Ветлугин уже ждал его на просторных ступенях Военно-морского музея.

– Как вы себя чувствуете, Федор Андреевич? – отчего-то сразу спросил он.

– Хорошо, Виктор, очень хорошо, – твердо отвечал Взоров.

III

Джон и Эвелин Дарлингтон с искренней радостью встретили Взорова.

– Что с тобой случилось, Федор? – сразу же обеспокоенно спросила Эвелин.

– Немного прихватило сердце, но все уже прошло, – небрежно махнул он рукой.

– Выглядишь ты усталым, – не согласилась она, зорко и по-медицински профессионально всматриваясь в него. – Может быть, пригласить нашего доктора? Он живет совсем рядом.

– Ни в коем случае! – сразу, даже резко отринул он ее заботу. И смягчился: – Пожалуйста, Эвелин, не беспокойся. Я терпеть не могу докторов.

– Ты как Джон, – несколько вынужденно улыбнулась она, но глаза оставались беспокойными. – Тоже не может их терпеть. Будто они только для того и существуют, чтобы доставлять неприятности.

– Вот именно! – воскликнул весело Дарлингтон и поднял вверх указующий палец. – Смотри, какой он молодец! Не то что я, твой старый петух.

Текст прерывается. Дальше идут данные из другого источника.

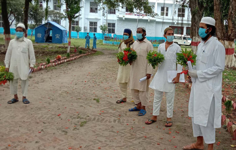 प्रदेश नं १ बाट थप आठ जना कोभिड–१९ बाट सङ्क्रमित निको भै बुधबार घर फर्केका छन्् । कोशी अस्पताल (कोभिड–१९) उपचार केन्द्र विराटनगरमा उपचार गराइ निको भइ घर फर्कनेमा पाँच भारतीय नागरिक र तीन जना उदयपुर जिल्लाको भुल्केका रहेका छन् । तस्वीर : मनोज दाहाल/रासस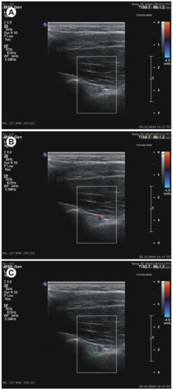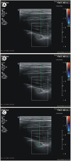 Figure 4. Measurements of the suprascapular notch region during ultrasonographic investigation. (A) the thickness of the soft tissue over the suprascapular artery; (B) the thickness of the soft tissue over the suprascapular vein; (C) the thickness of the soft tissue over the suprascapular nerve. - (g)

– Действительно петух! Тебе бы только прокукарекать, – с нежной ворчливостью заметила она. – Ну ладно, решайте мировые проблемы, а меня ждет кухня.

Они прошли в уютный небольшой кабинет, глухую стену которого занимали книжные полки. Боком к окну стоял письменный стол, так, чтобы свет падал слева, а в противоположной стороне размещался газетный столик под оранжевым торшером и два мягких удобных кресла. Стену украшала копия знаменитой картины Лоуренса Лаури «Индустриальный пейзаж в Мидленде» – скопище краснокирпичных фабричных корпусов, дымящих труб, крошечных человеческих фигурок, а снежный день, холодяще-сырой и тусклый, создавал настроение тяжести и подавленности. И все же картина притягивала какой-то грустной раздумчивостью об индустриальной правде века.

Остальное же пространство и этой стены и дверной занимали разных размеров медные пластины в простых деревянных рамках с изображением первого магистрального паровоза Стефенсонов, первого железного моста в Коулбрукдейле, автомобиля фирмы «Ролсс-Ройс», самолета братьев Райт; несколько индустриальных пейзажей, в частности, угольной копи с огромным шахтным колесом, а также гербы различных британских тред-юнионов.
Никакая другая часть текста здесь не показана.